Incalza viene implicato negli scandali delle opere fantasma degli anni ‘90. Il 7 febbraio del 1998 viene arrestato su ordine di custodia cautelare dei giudici di Perugia, accusato di corruzione assieme a Lorenzo Necci, Francesco Pacini Battaglia e Emilio Maraini. Avrebbero corrotto l’ex capo dei gip di Roma, Squillante, e il pubblico ministero Castellucci che doveva indagare sulla Tav, progetto contestatissimo nella  Val di Susa. Incalza avrebbe, secondo le accuse di allora, dalle quali poi il manager di Francavilla Fontana esce indenne, affidato incarichi d’oro a tre avvocati amici del pubblico ministero.

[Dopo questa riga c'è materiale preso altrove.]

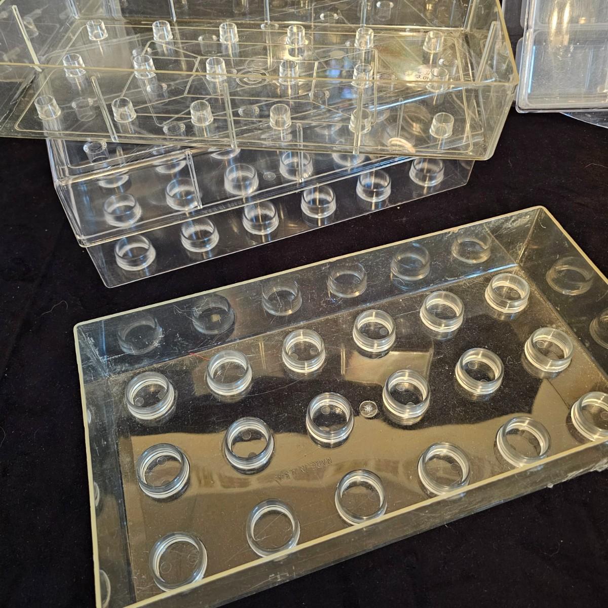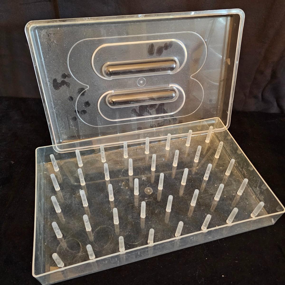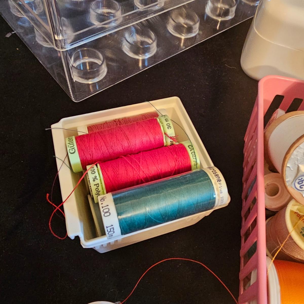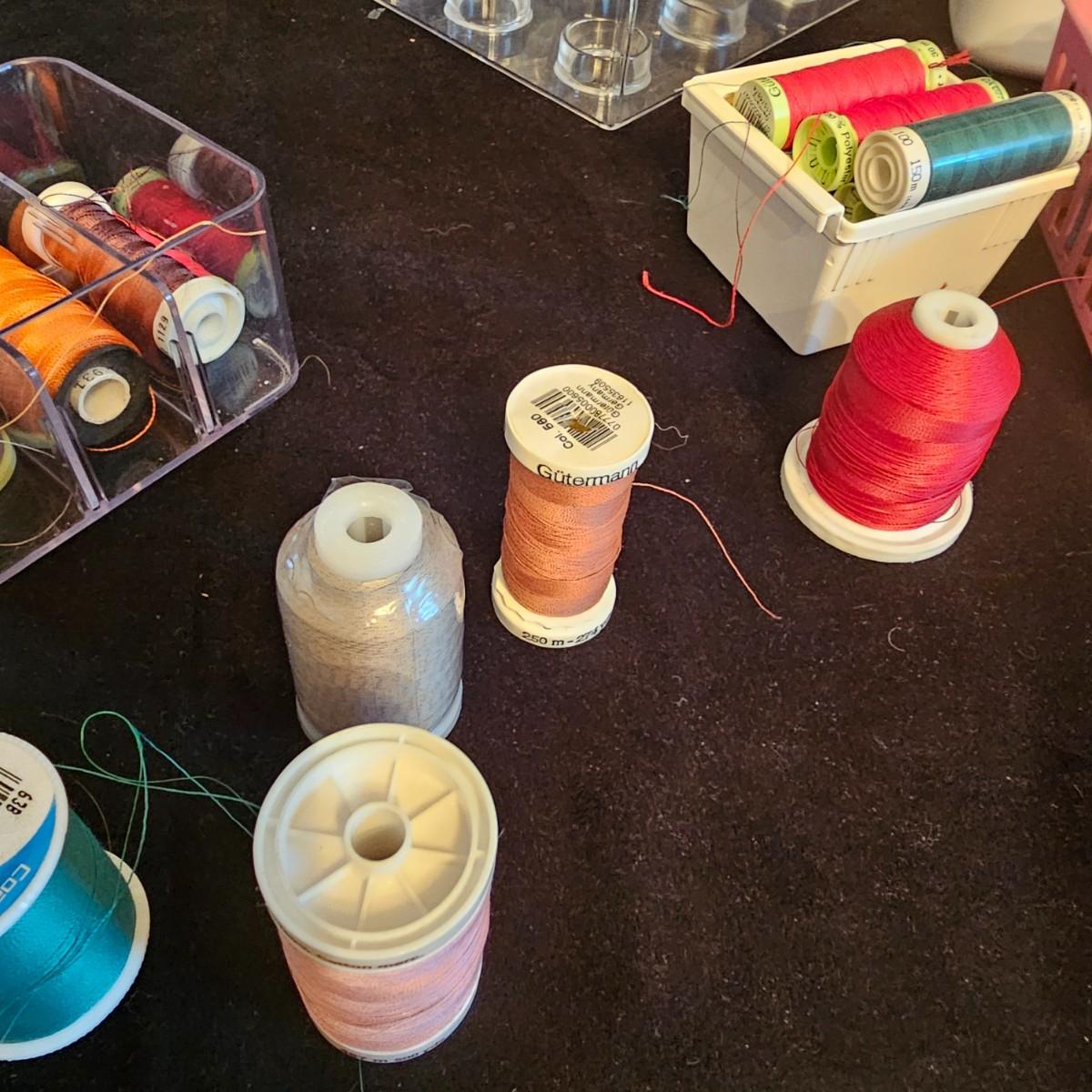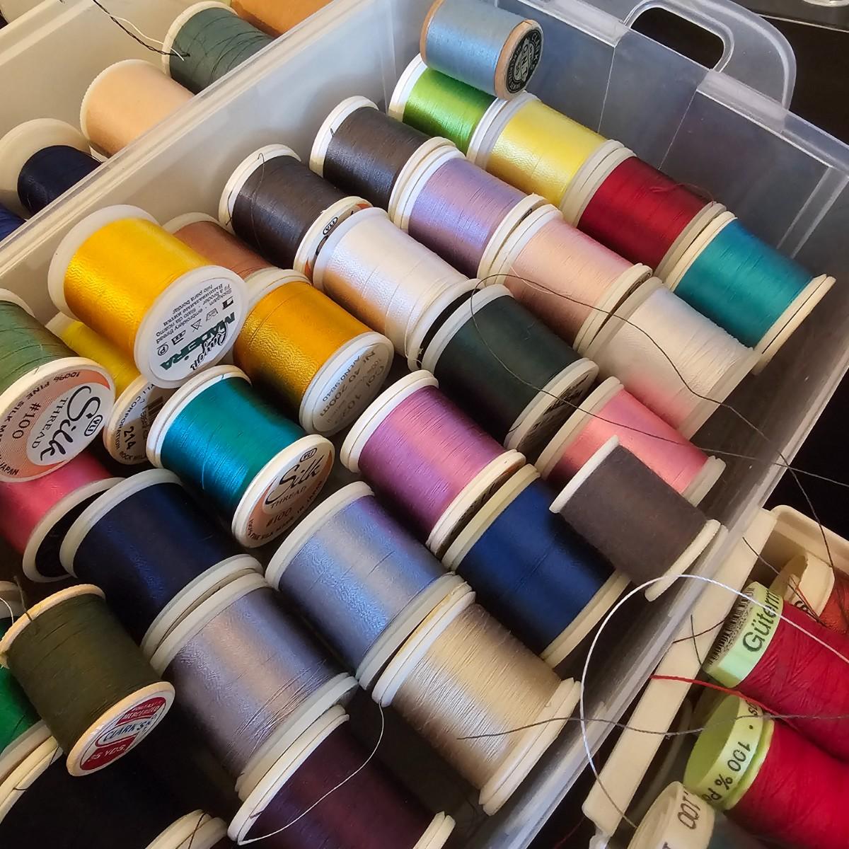 Seven clear plastic cases designed to hold sewing and embroidery thread. Two cases are designed for larger size cones. These measure 14.5" x 7.5" x 5"H. Other cases are 14" x 8" x 3"H. Also includes a quantity of thread in the cases and loose. Coats, Sulky, silk and cotton blends. One Sidewinder manual bobbin winder with power brick. Item powered on when plugged in. See photos for details. Local pickup only.

Per i giudici Incalza faceva parte integrante di quella “struttura bene organizzata composta da manager pubblici e privati” che manipolava gli appalti per “creare fondi extracontabili per erogare tangenti verso il potere politico, che quei vertici avevano sponsorizzato e verso gli stessi amministratori pubblici per garantire il loro illecito arricchimento”.  Insomma il sistema Tav, secondo i giudici, come fu ideato da Necci e Pacini.

Fu il ministro Luigi Preti a rivolgersi per primo alla magistratura. E’ il 1993 quando presenta un esposto alla  Procura di Roma, denunciando irregolarità per le procedure adottate nella costituzione del Tav Spa. L'inchiesta viene affidata al sostituto procuratore Giorgio Castellucci, che si accordò con Antonio Di Pietro, all’epoca pm di Mani Pulite, di dividere le indagini in due tronconi. Castellucci avrebbe tenuto la parte romana, Di Pietro quella milanese.

Di Pietro in quel periodo si dimise e l’inchiesta milanese si arenò. Castellucci andò avanti. Ma in modo strano. Non accolse la richiesta  del gip Augusta Iannini di iscrivere nel registro degli indagati Ercole Incalza ed Emilio Maraini. Incalza era direttore generale del Ministero dei Trasporti ed era all’epoca consulente del ministro Lunardi. Maraini era il dirigente Fs più vicino a Necci.

Castellucci proseguì contro ignoti, chiedendo l'archiviazione. Iannini la respinse. Il pm iscrisse Incalza e Maraini nel registro degli indagati e chiese l'archiviazione. Il capo dei gip Carlo Sarzana respinse la richiesta, disponendo il rinvio a giudizio dei due manager. Sei mesi dopo Giorgio Castellucci fu rinviato a giudizio dalla procura di Perugia con l'accusa di aver percepito del denaro per far archiviare l'inchiesta.

Incalza, come si diceva, è uscito sempre indenne dalle inchieste giudiziarie. Torna spesso a Francavilla dove ha i suoi familiari e gli amici di un tempo. L’ultima volta è stato a Pasqua.